Problem requirements
The answer must consist solely of the lines from the line with "BEGUM PURA | |||" to the end of the data below, transcribed exactly and with no pictures.

Available data
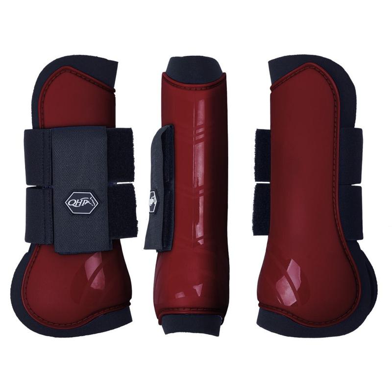 Ochraniacze przednie firmy QHP. Wykonane z mocnego plastikowego tworzywa z ozdobnymi, błyszczącymi paskami. W wewnątrz podszyty miękkim neoprenem. Zapinane na mocne rzepy z logo firmy. Zapewniają doskonałą ochronę przednich nóg konia przed uderzeniami oraz wstrząsami. Wysokość z tyłu: Shetty: 17 cm. Pony: 20 cm. Full: 24 cm.
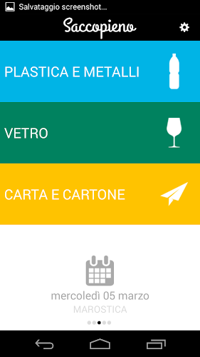 saccopieno, aplikace vám připomene, když vyprázdníte pytel na odpadky!saccopieno vás upozorní upozorněním den před sklizní a přesně vám řekne, kterou tašku nebo popelnici musíte z domu vynést.
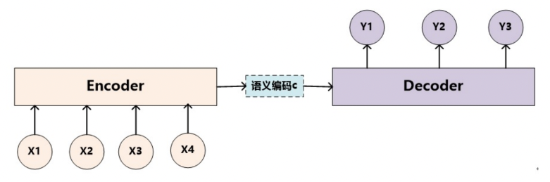- seq2seq模型架构包括三部分,分别是encoder(编码器)、decoder(解码器)、中间语义张量c。
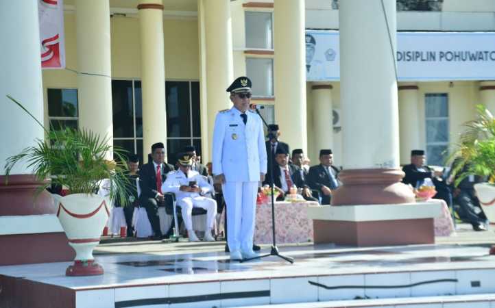 Upacara tersebut dipimpin langsung Bupati Pohuwato, Saipul A. Mbuinga, dan dihadiri Wakil Bupati, Iwan S. Adam, Ketua DPRD Pohuwato, Beni Nento, unsur Forkopimda, serta jajaran pemerintah daerah.
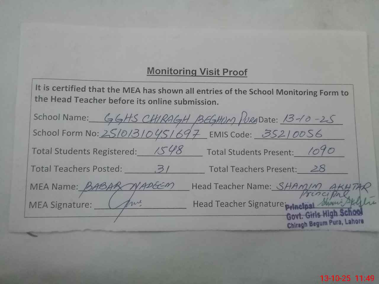 | EMIS Code: 35210056 | Name of School: GGHS CHIRAGH BEGUM PURA | |||
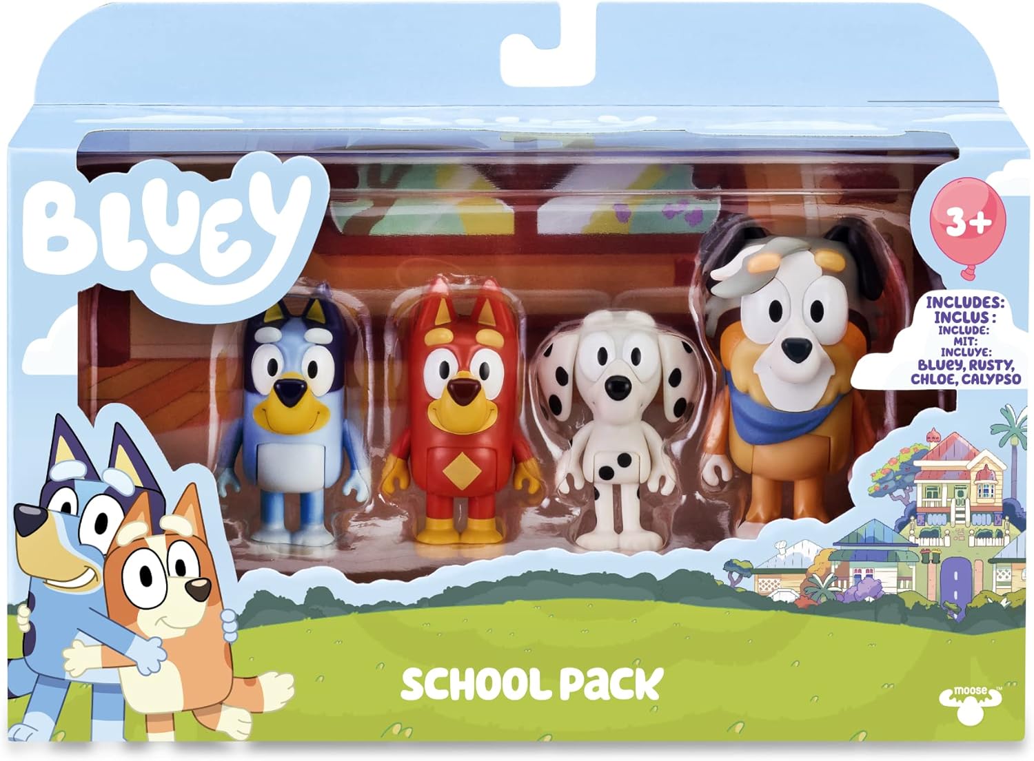 - Este pacote escolar de 4 figuras de Bluey contém 4 personagens, incluindo Bluey, como seus colegas Chloe e Rusty e seu professor da escola Calypso
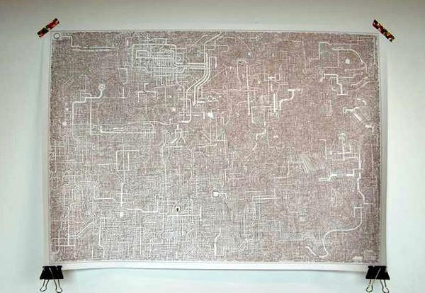 來自日本的網友@Kya7y前陣子在自己的Twitter頁面貼上幾張看起來密密麻麻的照片,這些照片不但引起許多網友的熱烈討論,甚至還和日本網站Spoon&Tamago合作,將照片裡的東西商品化。原來這些像絲線一樣複雜的線條是出自@Kya7y的爸爸(以下稱@Kya7y爸)之手,是一張尺寸約A1大小(84.1公分x59.4公分)的手繪迷宮,除了擁有巨大的尺寸外,其花費的時間更是不可思議的久。

Result below
 | EMIS Code: 35210056 | Name of School: GGHS CHIRAGH BEGUM PURA | |||
 - Este pacote escolar de 4 figuras de Bluey contém 4 personagens, incluindo Bluey, como seus colegas Chloe e Rusty e seu professor da escola Calypso
 來自日本的網友@Kya7y前陣子在自己的Twitter頁面貼上幾張看起來密密麻麻的照片,這些照片不但引起許多網友的熱烈討論,甚至還和日本網站Spoon&Tamago合作,將照片裡的東西商品化。原來這些像絲線一樣複雜的線條是出自@Kya7y的爸爸(以下稱@Kya7y爸)之手,是一張尺寸約A1大小(84.1公分x59.4公分)的手繪迷宮,除了擁有巨大的尺寸外,其花費的時間更是不可思議的久。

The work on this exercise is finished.